*** Records provided ***
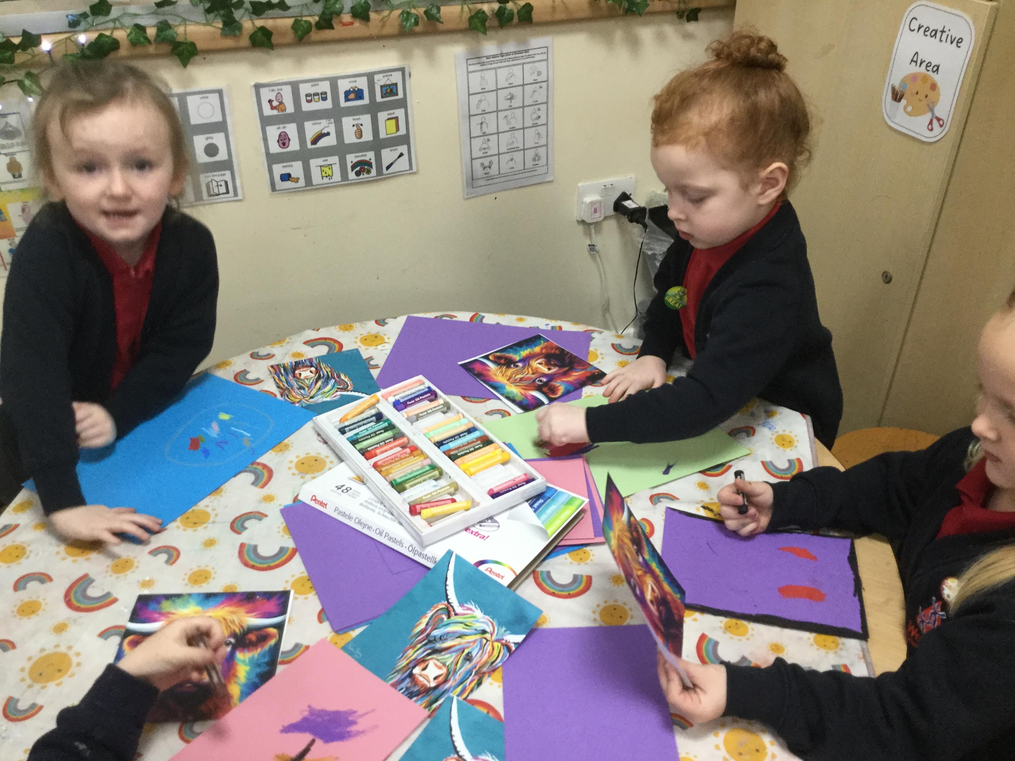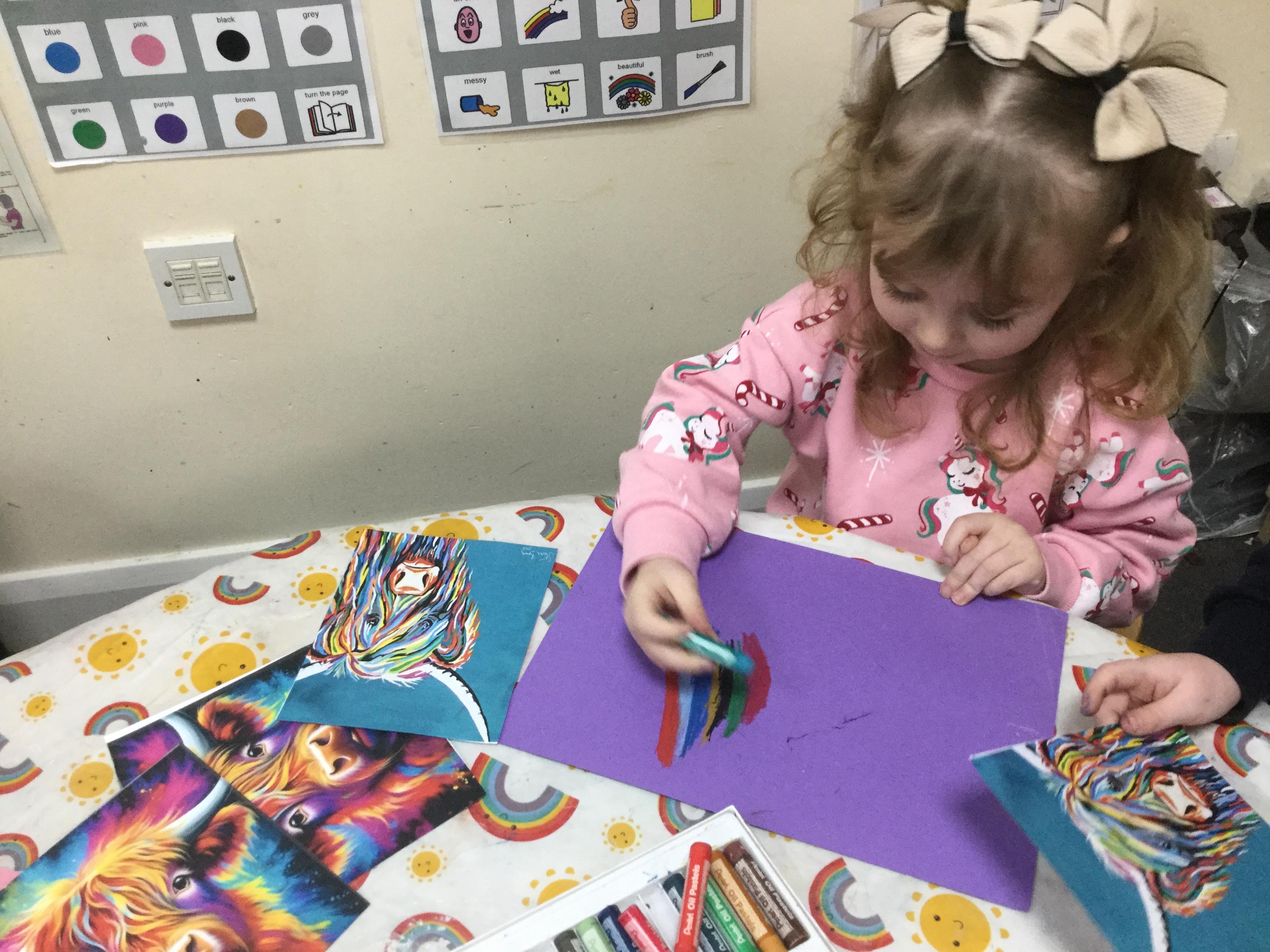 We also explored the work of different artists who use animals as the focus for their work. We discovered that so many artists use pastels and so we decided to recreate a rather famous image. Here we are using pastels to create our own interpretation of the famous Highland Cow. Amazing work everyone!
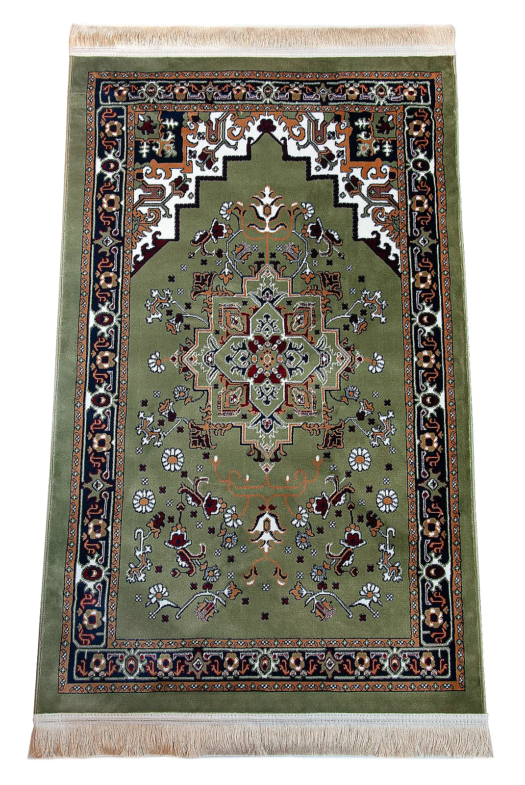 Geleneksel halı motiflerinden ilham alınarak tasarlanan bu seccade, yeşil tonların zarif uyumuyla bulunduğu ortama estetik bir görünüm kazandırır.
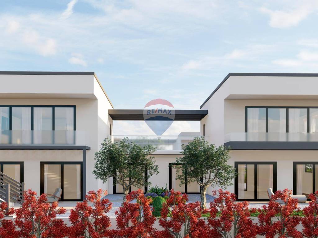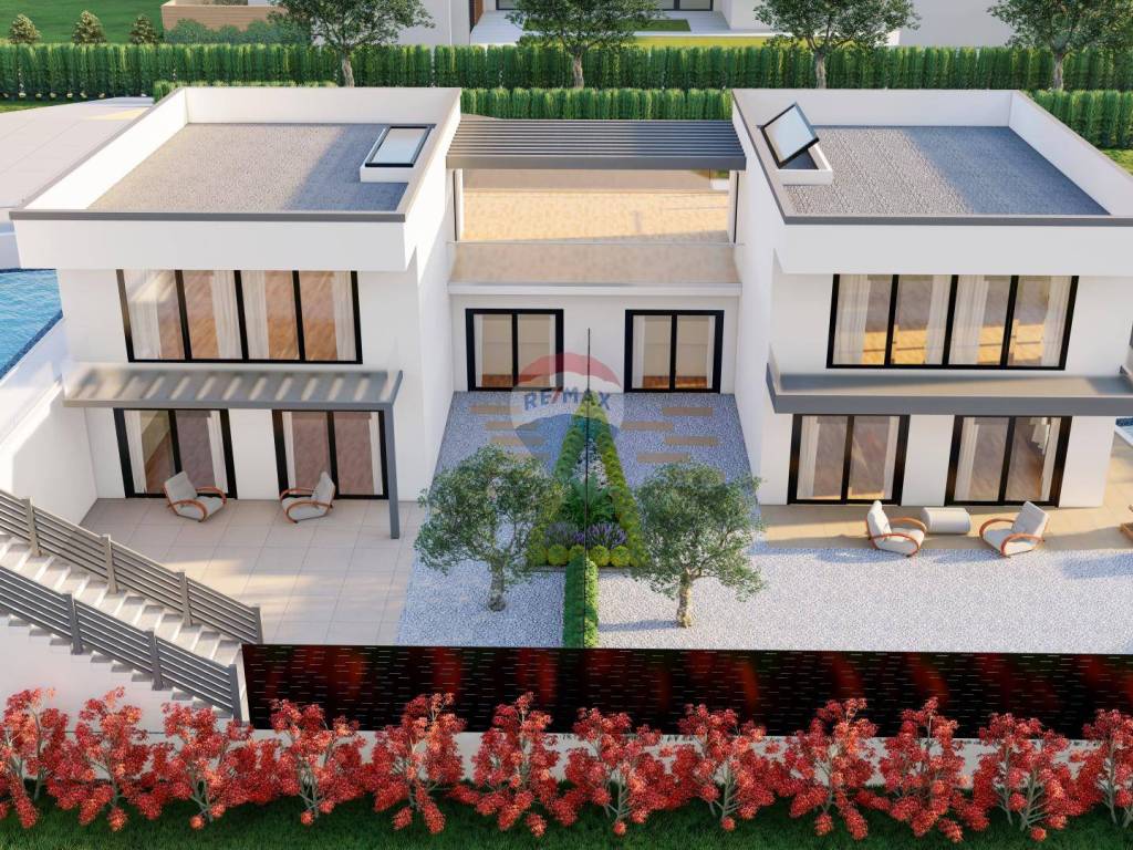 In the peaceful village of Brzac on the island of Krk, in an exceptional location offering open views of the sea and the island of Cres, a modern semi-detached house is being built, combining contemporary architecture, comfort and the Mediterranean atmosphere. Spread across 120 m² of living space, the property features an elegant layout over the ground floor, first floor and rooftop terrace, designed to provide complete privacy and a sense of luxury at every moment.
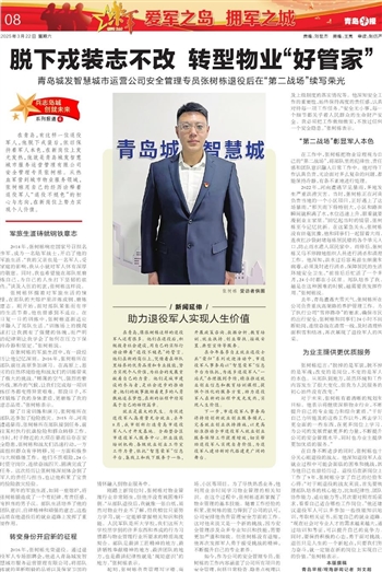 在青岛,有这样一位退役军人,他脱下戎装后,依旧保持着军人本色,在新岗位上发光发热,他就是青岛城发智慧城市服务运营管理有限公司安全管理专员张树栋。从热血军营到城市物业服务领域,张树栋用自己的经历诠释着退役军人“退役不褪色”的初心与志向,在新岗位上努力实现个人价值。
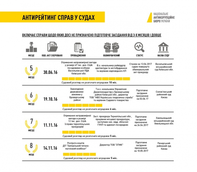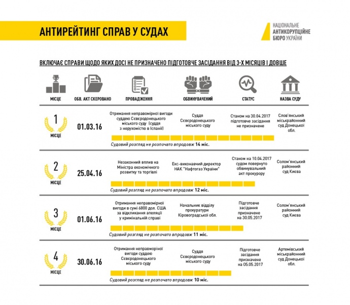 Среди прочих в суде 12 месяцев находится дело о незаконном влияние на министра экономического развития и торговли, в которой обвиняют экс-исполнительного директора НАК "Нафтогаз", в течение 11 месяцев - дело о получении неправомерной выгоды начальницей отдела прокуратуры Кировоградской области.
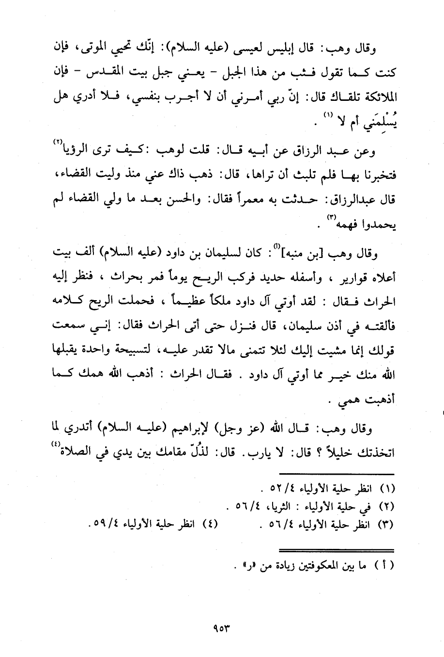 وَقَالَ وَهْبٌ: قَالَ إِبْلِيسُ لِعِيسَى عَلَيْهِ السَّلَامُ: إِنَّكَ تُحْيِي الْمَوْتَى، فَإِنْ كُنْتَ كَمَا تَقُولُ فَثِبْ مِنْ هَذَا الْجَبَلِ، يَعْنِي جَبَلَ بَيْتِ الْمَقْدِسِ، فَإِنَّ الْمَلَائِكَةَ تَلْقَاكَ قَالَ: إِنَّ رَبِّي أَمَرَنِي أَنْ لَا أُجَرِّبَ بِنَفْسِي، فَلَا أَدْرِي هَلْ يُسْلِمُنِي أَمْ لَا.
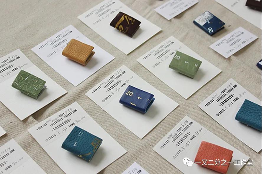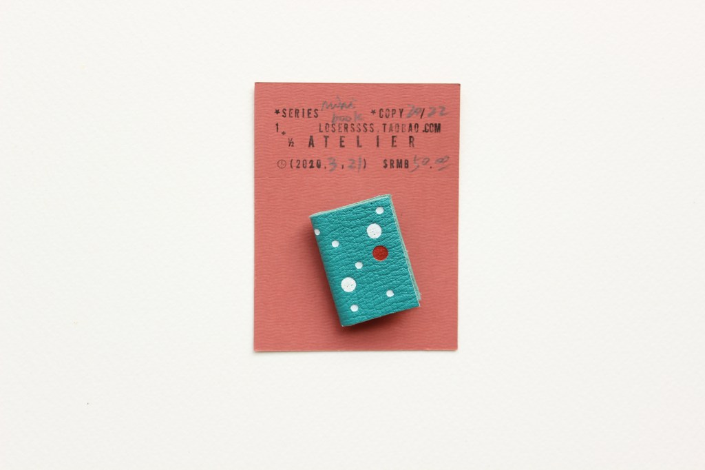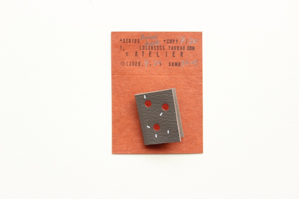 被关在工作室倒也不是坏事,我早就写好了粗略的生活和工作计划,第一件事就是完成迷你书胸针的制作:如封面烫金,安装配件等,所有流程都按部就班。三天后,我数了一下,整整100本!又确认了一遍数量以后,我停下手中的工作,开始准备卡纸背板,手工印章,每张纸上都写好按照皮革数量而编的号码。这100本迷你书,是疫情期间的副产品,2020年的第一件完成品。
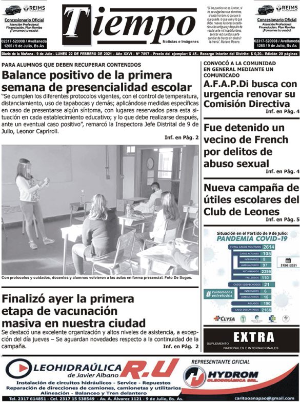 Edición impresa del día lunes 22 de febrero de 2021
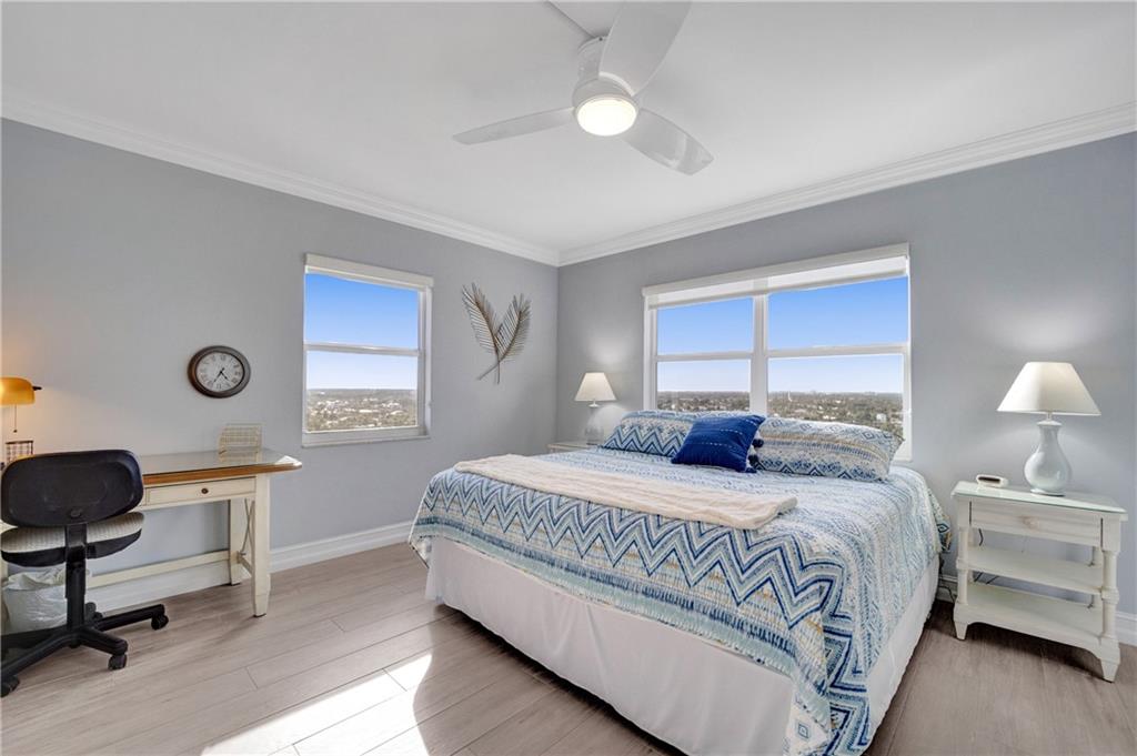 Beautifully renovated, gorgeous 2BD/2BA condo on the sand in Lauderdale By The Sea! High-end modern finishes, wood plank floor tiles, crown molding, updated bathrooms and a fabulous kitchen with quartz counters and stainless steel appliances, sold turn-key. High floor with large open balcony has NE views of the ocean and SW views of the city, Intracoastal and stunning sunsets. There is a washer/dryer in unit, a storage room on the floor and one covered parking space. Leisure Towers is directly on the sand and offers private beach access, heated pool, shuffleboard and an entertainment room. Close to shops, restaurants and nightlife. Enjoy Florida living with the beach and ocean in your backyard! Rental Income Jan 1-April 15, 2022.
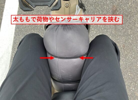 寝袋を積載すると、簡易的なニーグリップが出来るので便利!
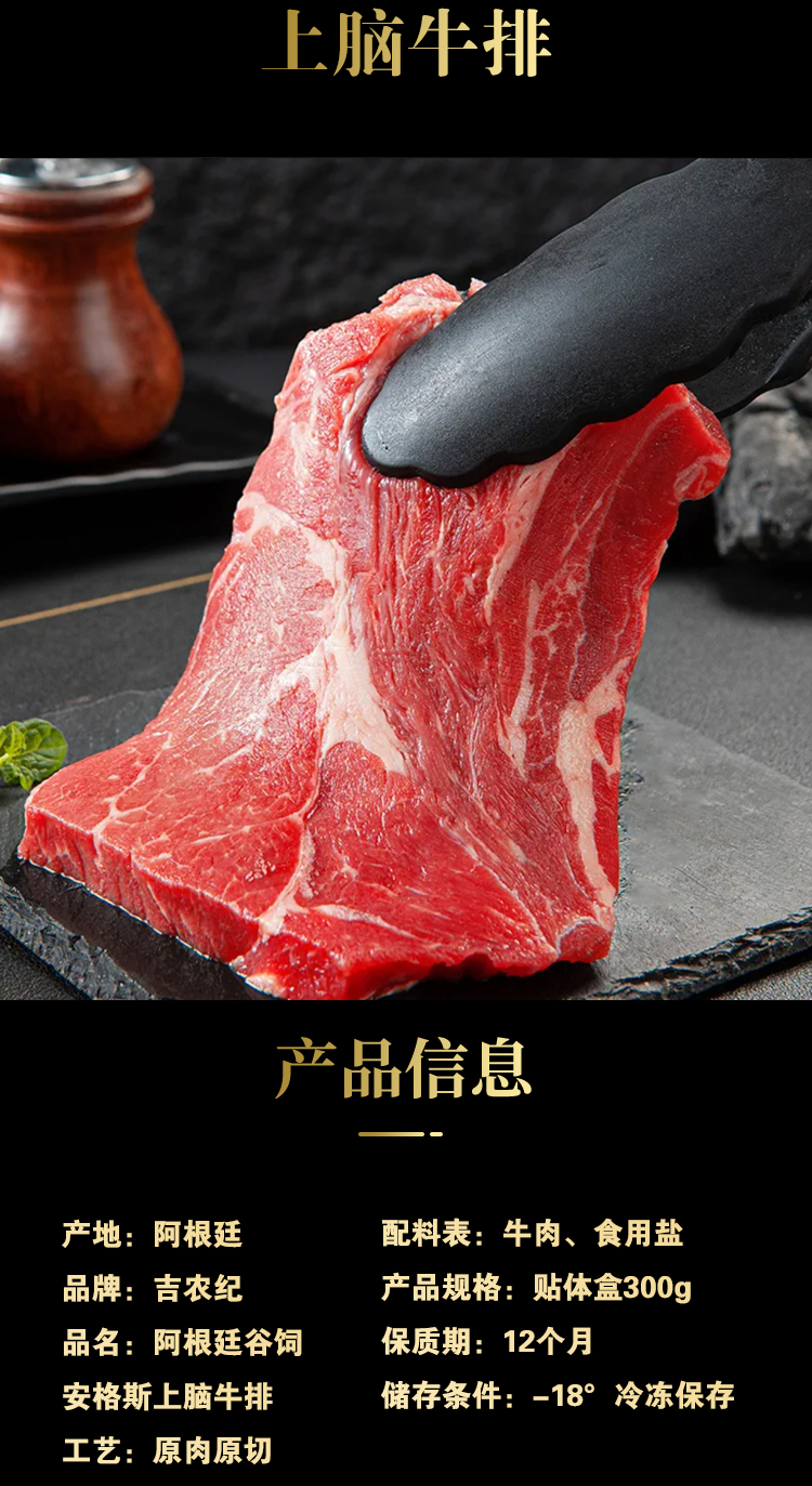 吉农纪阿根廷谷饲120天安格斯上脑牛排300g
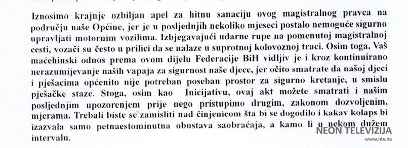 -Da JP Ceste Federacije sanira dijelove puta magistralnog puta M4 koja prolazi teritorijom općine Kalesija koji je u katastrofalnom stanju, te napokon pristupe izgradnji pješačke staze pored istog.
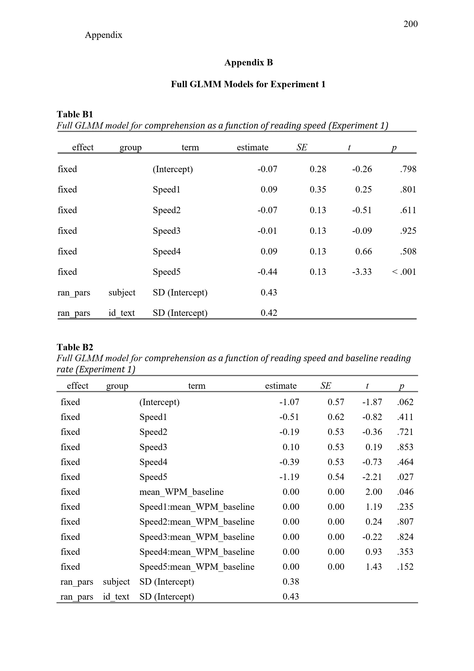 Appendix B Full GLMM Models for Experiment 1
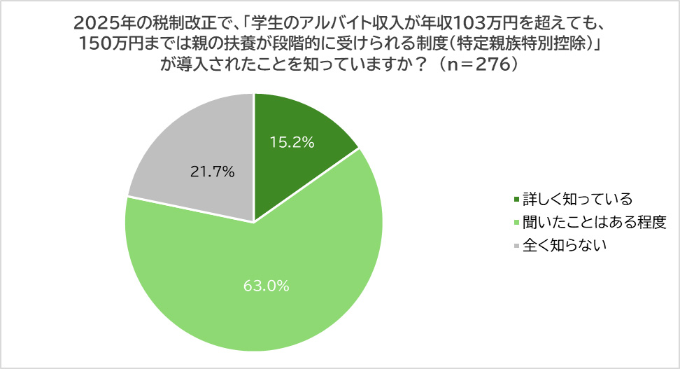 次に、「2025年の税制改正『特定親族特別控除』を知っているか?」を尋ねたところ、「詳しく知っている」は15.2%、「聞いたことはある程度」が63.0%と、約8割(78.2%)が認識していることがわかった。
*** End of Records provided ***
Work instruction: Write out exactly the lines above between the one with "在青岛,有这样一位退役军人,他脱下戎装后" and the one with "Среди прочих в", inclusive, with pictures left out.

Your solution:
 在青岛,有这样一位退役军人,他脱下戎装后,依旧保持着军人本色,在新岗位上发光发热,他就是青岛城发智慧城市服务运营管理有限公司安全管理专员张树栋。从热血军营到城市物业服务领域,张树栋用自己的经历诠释着退役军人“退役不褪色”的初心与志向,在新岗位上努力实现个人价值。
 Среди прочих в суде 12 месяцев находится дело о незаконном влияние на министра экономического развития и торговли, в которой обвиняют экс-исполнительного директора НАК "Нафтогаз", в течение 11 месяцев - дело о получении неправомерной выгоды начальницей отдела прокуратуры Кировоградской области.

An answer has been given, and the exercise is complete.